Did the “zebra on Green Street” analogy, then, ever have any use, and if so, what might that have been and why?  There is a use in medicine for training towards the  counter intuitive.  A surgeon must train to overcome the natural instinct that cutting in to a living human being’s flesh is a force of destruction.  An emergency room doctor who recoils with horror at an accident victim instead of setting immediately and dispassionately to work would not be of much use.
 Research suggests that the human mind intuitively recalls with greater acuity that which is unusual or extreme than those things that are ordinary and mundane.  Perhaps that is just one of the brain’s defense mechanisms - strange things impress more deeply because something that is out of order can be a threat worthy of instant recall.   By extension a medical student confronting a patient with a rare disease would remember that patient more vividly than the one who presents with a common cold.  The suggestion here is that the novice diagnostician must use trained reason to counteract the possibility that a rare disease memory will cause him to somehow “hallucinate” this disease recurring in a larger population than is the medically accepted norm.  And that is where the “zebra on Green Street” maxim comes in to play.  It was originally intended to protect a patient from unnecessary tests and possible inappropriate treatments through the mind’s error of over inclusion.
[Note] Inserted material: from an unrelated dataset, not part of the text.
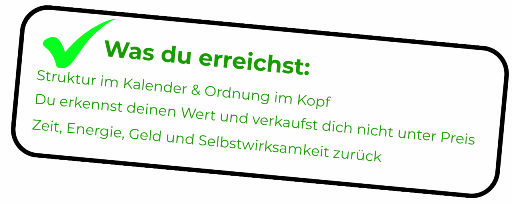Profitiere von einer erprobten Strategie, die dir Zeit spart und dein Business wieder klar ausrichtet.
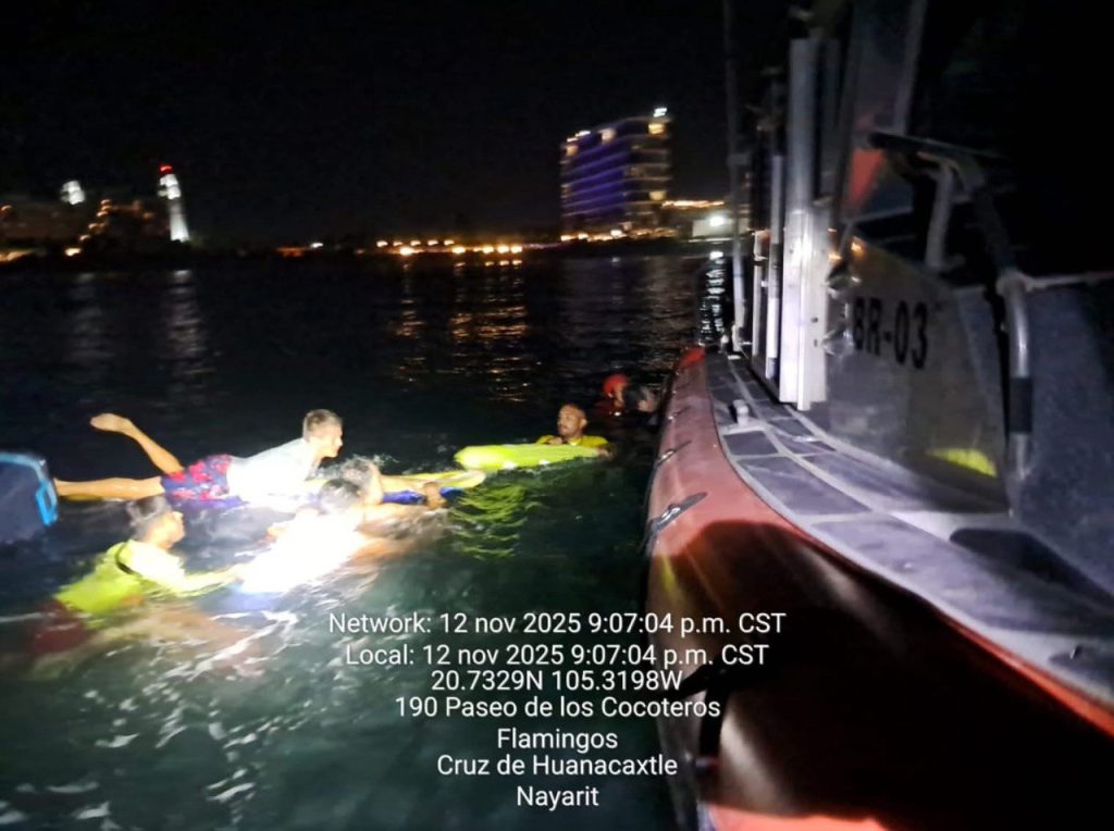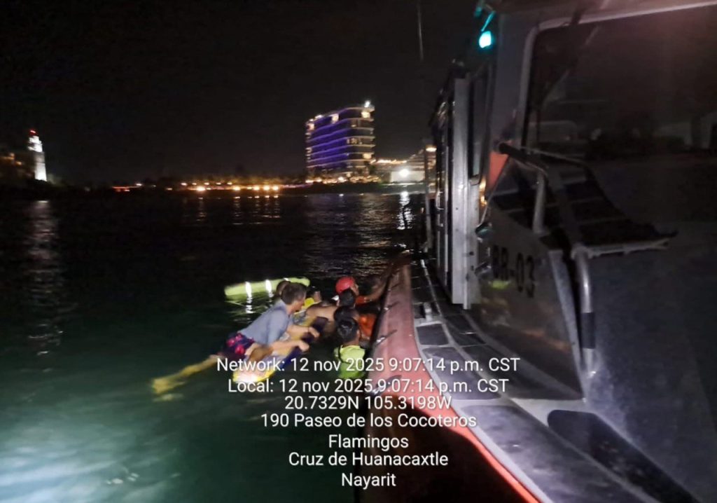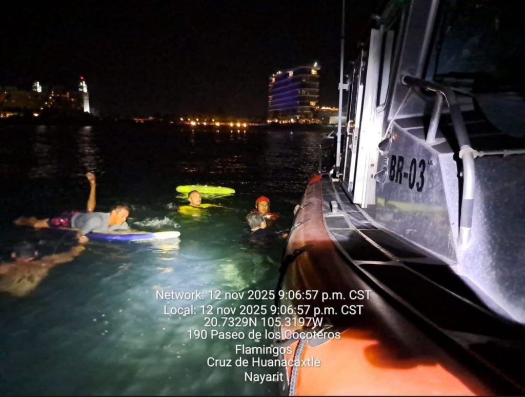 La Marina y elementos de Guardavidas del Estado de Nayarit rescataron a cuatro personas tras el hundimiento de una embarcación en Bahía de Banderas. Jesús Arizmendi, de 54 años, alertó desde la orilla que a un kilómetro mar adentro se encontraban sus tres acompañantes, quienes lograron mantenerse a flote apoyados en una hielera. Con el apoyo de una embarcación tipo Defender de la Armada de México, los tripulantes fueron trasladados al muelle naval, donde recibieron atención médica y se confirmó que se encontraban fuera de peligro.

But what if seeing a disease in a larger population than is the medically accepted norm, is in fact the correct perception?  As medical knowledge increases, the trend seems to be precisely a discovery of higher than originally accepted prevalence of the so-called rare diseases.  Even discounting the probable actual higher incidence of individual rare diseases, it might do well to consider that if the current figure of approximately  6000 recognized rare diseases is correct,  odds are that a given population will have a distribution of these.  And diagnoses of exclusion are therefore somewhat suspect, for the sheer volume of possibilities makes a full exclusion rather unlikely.  Some of factors involved in impediments towards excluding rare diseases: www.ncbi.nlm.nih.gov/books/NBK56184/
Given what medical science knows today, rare diseases may indeed be much more common than the possibility of seeing a zebra on Green street.  Perhaps we need a new metaphor to describe them and a counter maxim as an antidote to the errors of exclusion promulgated by a maxim in need of retirement.  Maybe a person with a disease considered to be rare is more like an uncommon breed of horse, or even a not so uncommon breed of horse destined to live in an era in which only a limited number of horse breeds are recognized.  I sometimes think of myself not as a zebra in a world of horses, but as a Shetland Pony in a world that only sees the more common quarter horses, American painted horses, Arabian and Appaloosa.  Is there a possible aphorism as an antidote to the zebra on Green Street?  Something light hearted that is an equally apt metaphor for the error of under inclusion? I think so.  It might be something like, “If you hear hoofbeats, don’t assume that it can only be an American painted horse in your grandmother’s barn in Alabama.”